◆ **SOURCE MATERIAL**
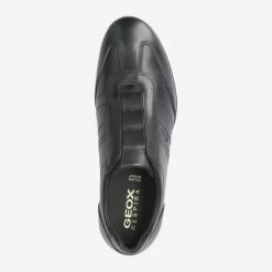 Diese Herrenslipper von Geox sind perfekt für die Freizeit. Aus hochwertigem Glattleder gefertigt und elegant aber dennoch sportlich geschnitten lässt sich dieser Schuh auf viele Arten kombinieren. Während das Innenfutter für aus atmungsaktivem Textil gefertigt ist, besteht die Decksohle aus Leder & Textil. Zudem sind diese Herrenslipper mit einer leichten, wasserabweisenden Sohle aus Gummi versehen. Weiterhin sorgt der Gummizug für ein schnelles An- und Ausziehen.
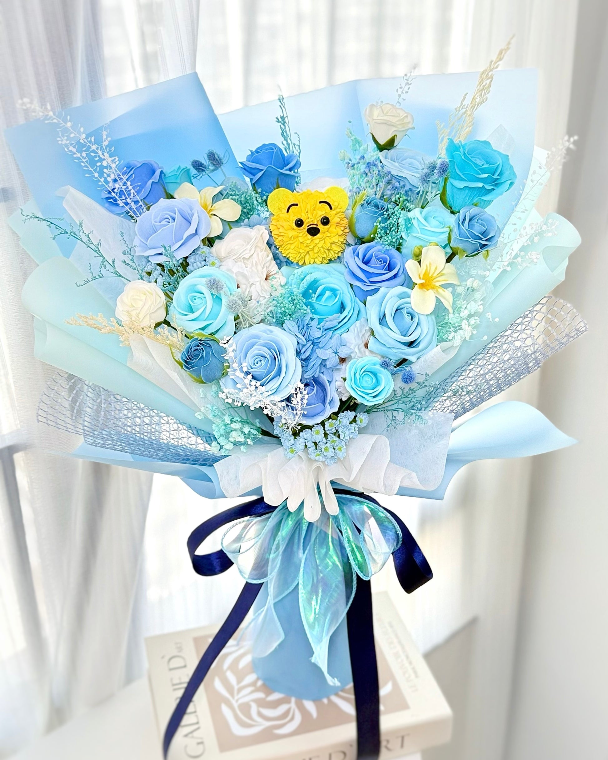 小熊維尼Winnie the Pooh|M混淺藍粉香皂花x保鮮花花束
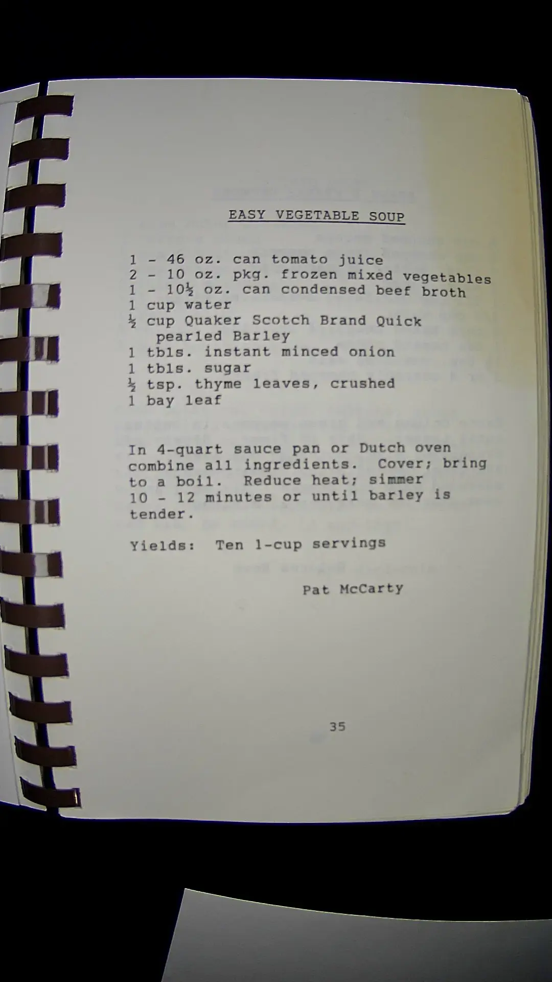Here's the text from the image: --- **EASY VEGETABLE SOUP** 1 - 46 oz. can tomato juice 2 - 10 oz. pkg. frozen mixed vegetables 1 - 10½ oz. can condensed beef broth 1 cup water ½ cup Quaker Scotch Brand Quick pearled barley 1 tbls. instant minced onion 1 tbls. sugar ½ tsp. thyme leaves, crushed 1 bay leaf In 4-quart sauce pan or Dutch oven combine all ingredients. Cover; bring to a boil. Reduce heat; simmer 10 - 12 minutes or until barley is tender. Yields: Ten 1-cup servings Pat McCarty ---llm
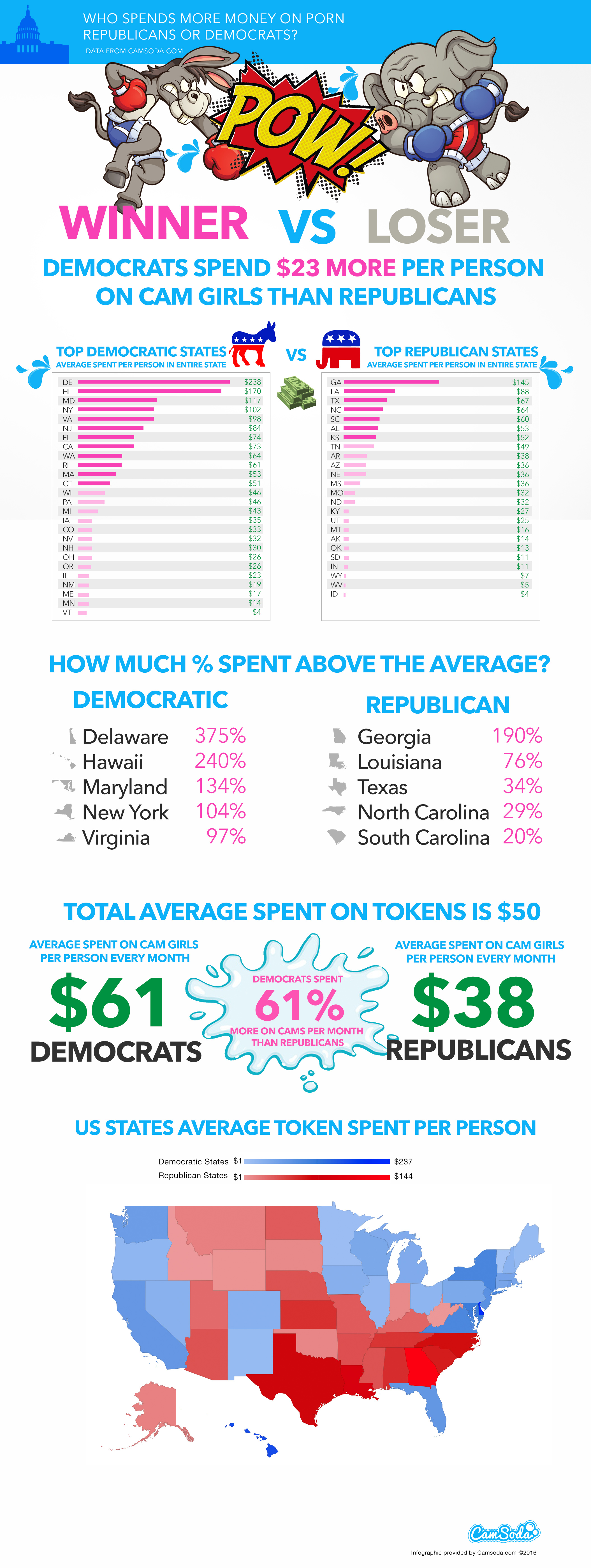Today we take a look at token spending by predominently Democrat & Republican states and come to a conclusion who spends more money on cam girls. The results may shed light on why Republicans have deemed porn a National Health Crisis. Is it just another political move to shed light that Democrats are sexual deviants? Does sexuality play a role in how you view your own political affiliation? You decide. Download full infographic here.
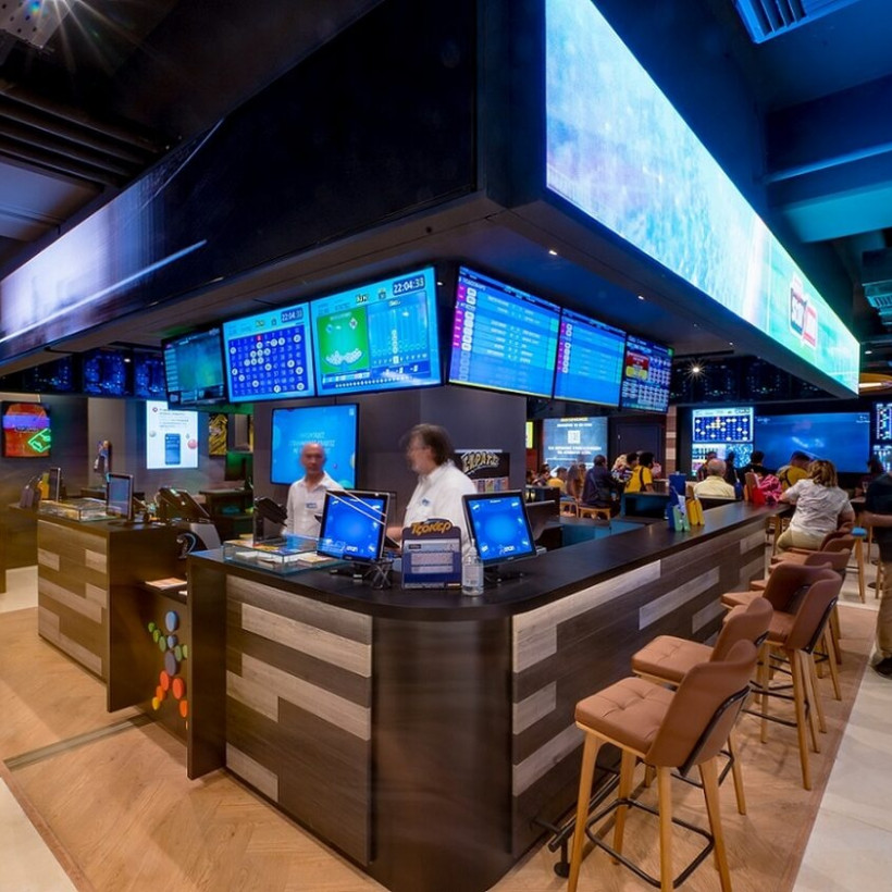 Στο  νέο  υπερσύγχρονο κατάστημα ΟΠΑΠ εντός του γηπέδου της ΑΕΚ, οι μεταδόσεις των αγώνων ζωντανεύουν και οι επισκέπτες ζουν το παιχνίδι σε έντονο ποδοσφαιρικό κλίμα.
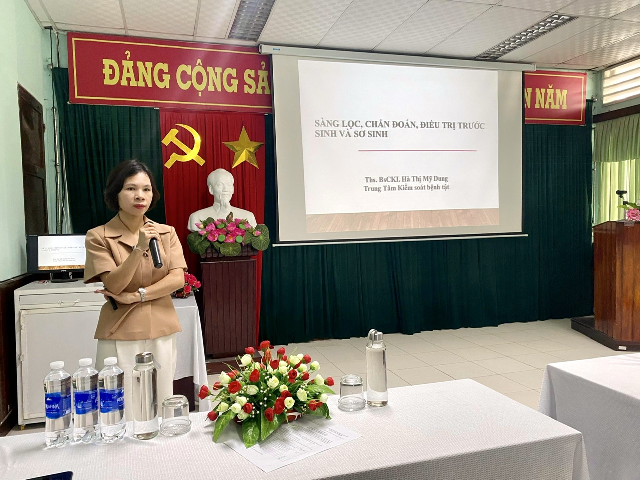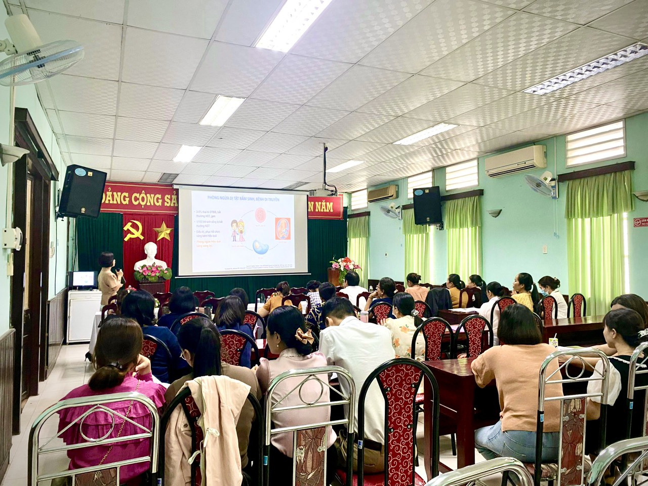 Ths. BsCKI. Hà Thị Mỹ Dung - Trưởng khoa Sức khỏe sinh sản trình bày các nội dung chuyên môn liên quan sàng lọc trước sinh, sơ sinh

◆ **PROBLEM TO SOLVE**
Begin at the first line of the entries and stop after the line holding "小熊維尼Winnie the Pooh|M混淺藍粉香皂花x保鮮花花束"; repeat those lines exactly, but not the pictures.

◆ **COMPLETED TASK**
 Diese Herrenslipper von Geox sind perfekt für die Freizeit. Aus hochwertigem Glattleder gefertigt und elegant aber dennoch sportlich geschnitten lässt sich dieser Schuh auf viele Arten kombinieren. Während das Innenfutter für aus atmungsaktivem Textil gefertigt ist, besteht die Decksohle aus Leder & Textil. Zudem sind diese Herrenslipper mit einer leichten, wasserabweisenden Sohle aus Gummi versehen. Weiterhin sorgt der Gummizug für ein schnelles An- und Ausziehen.
 小熊維尼Winnie the Pooh|M混淺藍粉香皂花x保鮮花花束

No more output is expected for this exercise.